James Macavoy talked recently about reprising his role as Professor Xavier in X-Men First Class 2, given the second installment gets the greenlight. While highly critically acclaimed, X-Men First Class pulled in an underwhelming box-office sum, living in the wake of a dwindling X-men franchise (X3, X-men origins:Wolverine). Hence the studios hesitance. While ‘X-men’ is of course the intellectual property of Marvel, they had licensed the property rights to 20th Century Fox long ago. Though First Class only hauled in a meager box-office return, many think that the ‘prequel reboot’ is definitely a step in the right direction for the X-men franchise, and director Matthew Vaughn says he will continue to incorporate historical American events into the stories in order to bring a sense of realism.

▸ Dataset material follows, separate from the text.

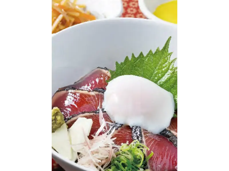 「明神丸KITTE大阪店」には、丼もありますよ!「特製鰹漁師の漬け丼」は、特製のタレに漬け込んだカツオをご飯に乗せ、ミョウガ、シソ、ネギ、温玉を合わせた丼です。ごはんをかきこみたい!という人にもぴったりのメニューです。
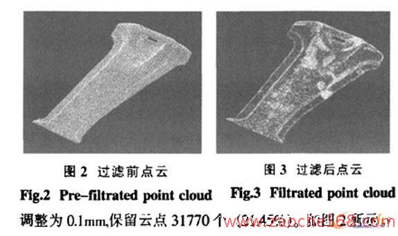 而且由于受光照條件、被測(cè)件表面反射特性和系統(tǒng)測(cè)量誤差、隨機(jī)誤差等影響,測(cè)量數(shù)據(jù)中存在著許多無(wú)用數(shù)據(jù),即所謂的"噪聲"點(diǎn)。因此必須對(duì)點(diǎn)云數(shù)據(jù)進(jìn)行過(guò)濾處理。

Some think that the studio is waiting to see how well Wolverine 2 (which HAS been greenlit) will pan out. Meanwhile, First Class director Matthew Vaughn has stated “We will only have one more new character [in an X-Men: First Class sequel]. I won’t say who he…I won’t say who he or she is! …As Professor X is in a wheelchair, Magneto needs to have a nemesis he can fight with. Someone that will be his equal. I know who it is. It would be nice if I could say something, but I can’t.” Given such delightfully encouraging news let’s hope for the best and proceed with analyzing the temperament of the Master of Magnetism.

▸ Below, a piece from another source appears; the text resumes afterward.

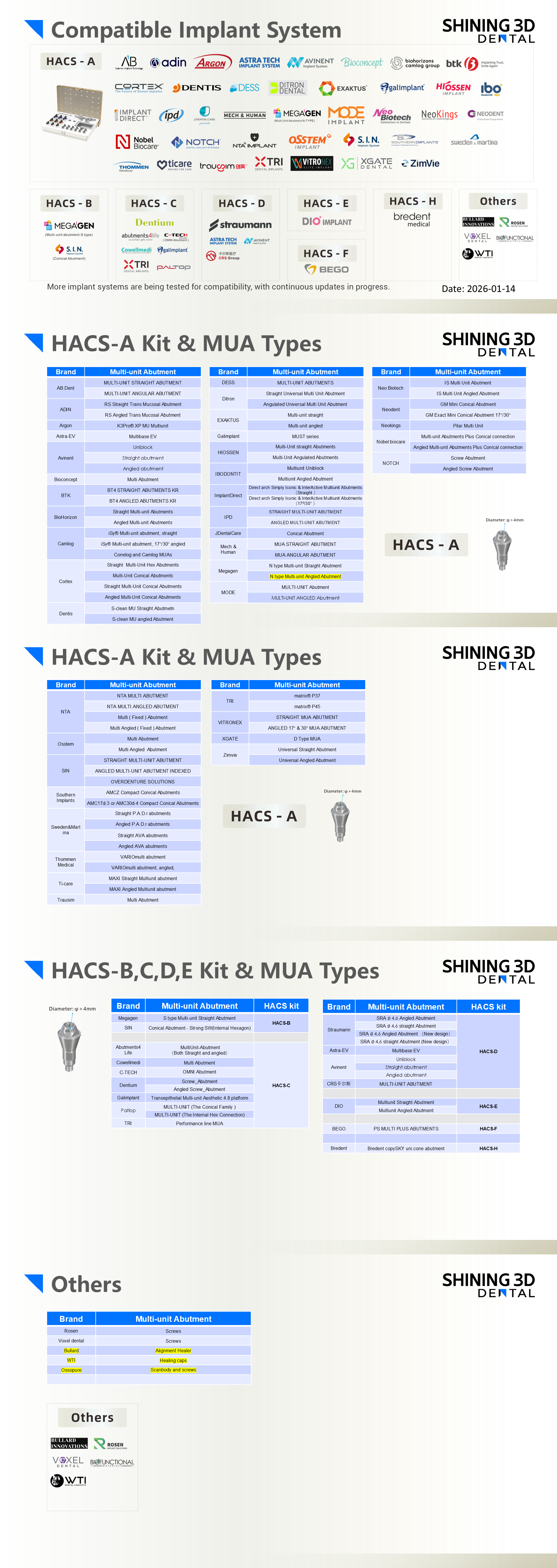 Currently, the Aoralscan Elite high-accuracy coded scan bodies can only be mounted on multi-unit abutments. Here is a list of all tested brands and types for now. More implant systems are being tested for compatibility so the list will keep growing. There are also some instructions for how to find the correct Coded scanbody kit for the MUAs you are using.

A German Jewish holocaust survivor, Max Eisenhardt spent a good deal of his childhood as a Sonderkommando: the squad of Jewish men who were forced to help their Nazi masters run the gas chambers, ovens, and fire pits. The only member of his extended family to survive the holocaust, Max witnessed first hand the atrocities that humanity was capable of, and how brutally they treat those that are deemed ‘different’. After discovering his mutant powers, Eisenhardt developed an aggressive superiority complex, and vowed to never again be at the mercy of humans. As the conflict between Mutants and Humans escalated: Magneto founded the Brotherhood of Mutants in order to advance his cause. Powerfully commanding, strategically brilliant, decisively resolute, and an extremely efficient mobilizer: Magneto is undoubtedly a Fieldmarshal Rational. Indeed Magneto has a very ‘directive character‘, and has an uncanny ability to ‘commandeer whatever human (or mutant) capabilities and material resources are available and use them to execute a complex strategy‘. Magneto’s ‘complex strategy’ of course, becomes the subordination of the human race. With a sense of tragic irony, Magneto ultimately matures into exactly the kind of thing that took his family away from him. Hoping X-Men First Class 2 will get the go-ahead, we will soon see Michael Fassbender portray the supreme villain‘s ascension into madness.
The X-Men … The Avengers … and soon the world — All WITHIN MY GRASP!